I don’t know the specific amounts as I was already drunk when I asked her what was in it, but it was white grape juice, ginger ale or sparkling water, and scoops of orange sherbet.
Scoops, how restrained! I’ve only seen it with the whole tub being used as a big ‘ice’ block!
Did I ever tell you about the Baptist wedding I went to in Maryland? I was very young, a dewy-eyed rising college sophomore, and my boyfriend insisted we go. Not only did my older boyfriend used to sleep with the groom, but his (the groom’s) father was the minister, and they met as children because my boyfriend’s dead father was also a minister, but not Baptist, Episcopalian, where is this going?
The groom made Paul Lynde look like John Wayne but (I learned later) the bride and groom were best friends, the bride knew all about the groom and they had a “special relationship,” and the groom was under intense pressure to get married so she was like, “Fine, I’ll fucking marry you to stop your mother implying that I’m some kind of Jezebel opening my lady bits to one and all.”
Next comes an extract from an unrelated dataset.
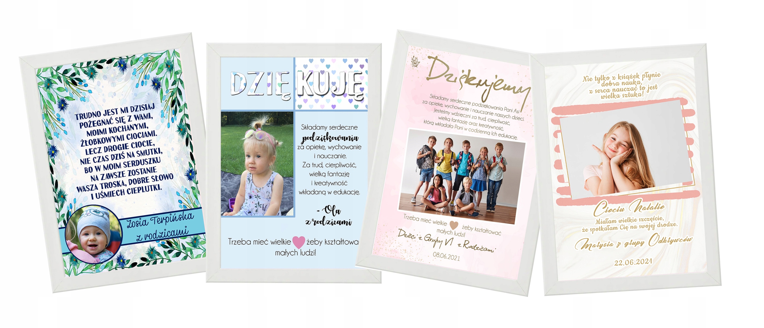 Приходит время, когда наш маленький малыш, который был в яслях или детском саду ей предстоит попрощаться со своей нынешней «тетей» и всей группой детей отправиться на встречу с новыми друзьями, коллегами и новой тетей. Мы подготовили для вас плакаты с фотографией ребенка и благодарностью дам из яслей, детского сада и школы. Вы можете изменить свои пожелания по своему желанию. Мы напечатаем для вас любой текст. Символичный подарок, но, несомненно, доставляющий много радости и мотивации женщинам, которые заботятся о детях.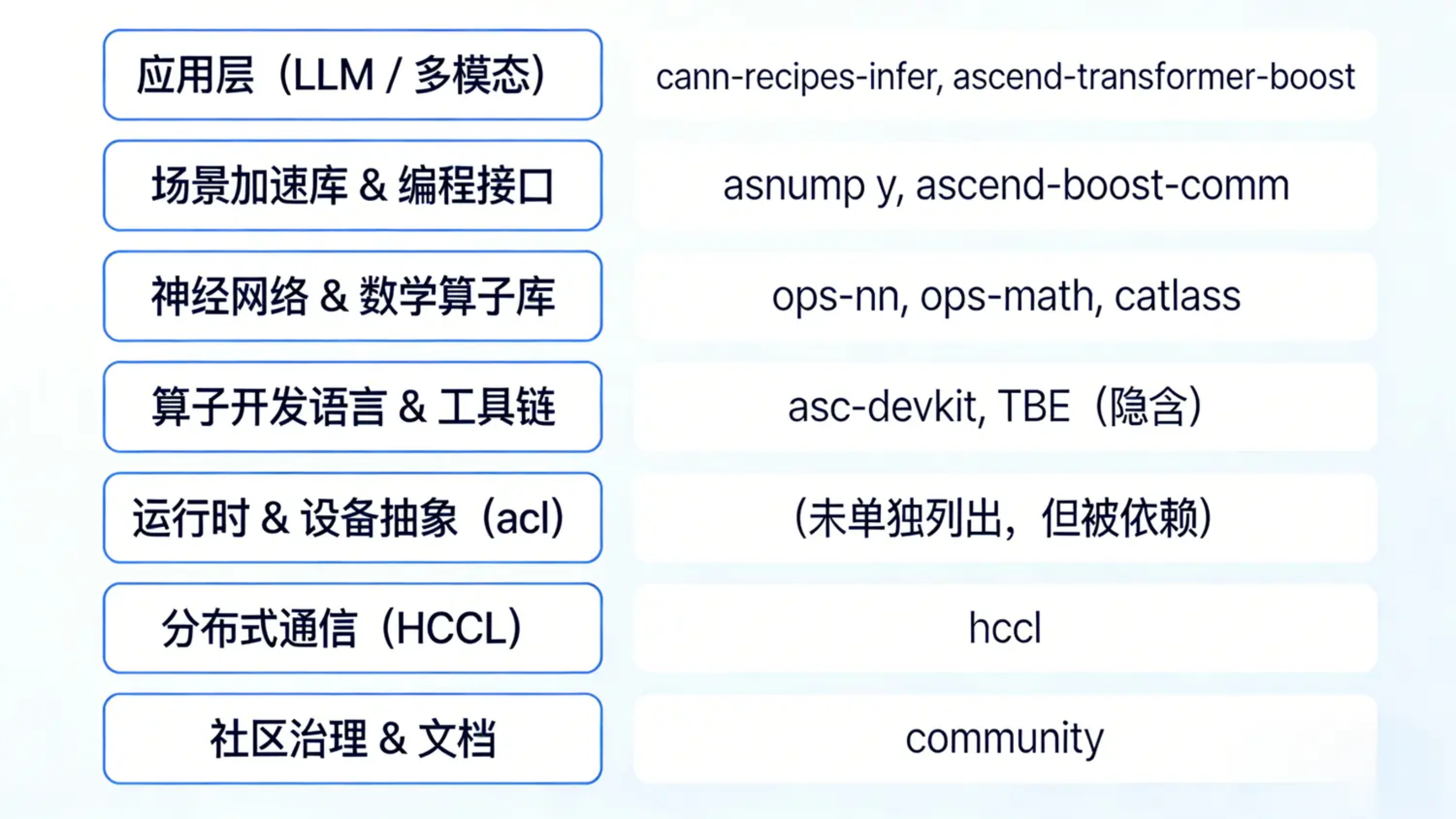 这两者构成了 CANN 的 算子基石,类似于 cuBLAS + cuDNN 在 CUDA 生态中的地位。

So fine, we drove to rural Maryland, the “church” was this very historic shack of some local significance, no a/c of course in the buggy, muggy swamp, my then-boyfriend kept low-key humming the theme from Deliverance, and when it was over there was a reception. Right there, in the shack/church.
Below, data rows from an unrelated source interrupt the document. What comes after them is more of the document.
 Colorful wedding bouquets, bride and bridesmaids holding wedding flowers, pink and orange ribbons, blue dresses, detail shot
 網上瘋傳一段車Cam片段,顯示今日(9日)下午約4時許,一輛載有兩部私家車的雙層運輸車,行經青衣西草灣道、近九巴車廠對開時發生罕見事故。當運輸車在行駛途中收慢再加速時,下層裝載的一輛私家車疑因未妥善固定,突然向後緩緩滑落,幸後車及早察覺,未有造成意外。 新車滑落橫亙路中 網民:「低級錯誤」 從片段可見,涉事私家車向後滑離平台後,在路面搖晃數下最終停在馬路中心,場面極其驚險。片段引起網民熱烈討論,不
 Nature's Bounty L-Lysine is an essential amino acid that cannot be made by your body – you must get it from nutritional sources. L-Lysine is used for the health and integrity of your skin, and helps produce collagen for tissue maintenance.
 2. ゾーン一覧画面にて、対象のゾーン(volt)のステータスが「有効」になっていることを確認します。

My boyfriend and I raced to the punch bowls for some kind of sweet relief and the nice Baptist church lady serving as our hostess said, “This is the usual punch but you have to be careful with this one, it’s got quite a kick to it!”
“Really? Give me two helpings of that. What’s in it?” I was assuming she was going to say vodka or, since we were below the Mason-Dixon Line, bourbon or moonshine or whatever, and she leaned in and said, “It’s got some RC Cola in it, so it elevates the heart rate.”
Worst. Wedding. Reception. Ever. And I’ve been to over 100.
You can make non-alcoholic tea-based ones that are pretty tasty. A friend of mine makes one because her boyfriend of the last 20 years has been in recovery for 30 years (he’s also the vegetarian, and my friend goes along with that too, so 20 years ago I had to start reading labels on canned vegetable stock and be on the lookout for deceptively labeled gelatin-additives, pain in the ass and surprisingly difficult to avoid, so hats off to practicing vegetarians and especially the vegans)—where was I? Oh yes, I could have stopped with “non-alcoholic tea-based winter punches.”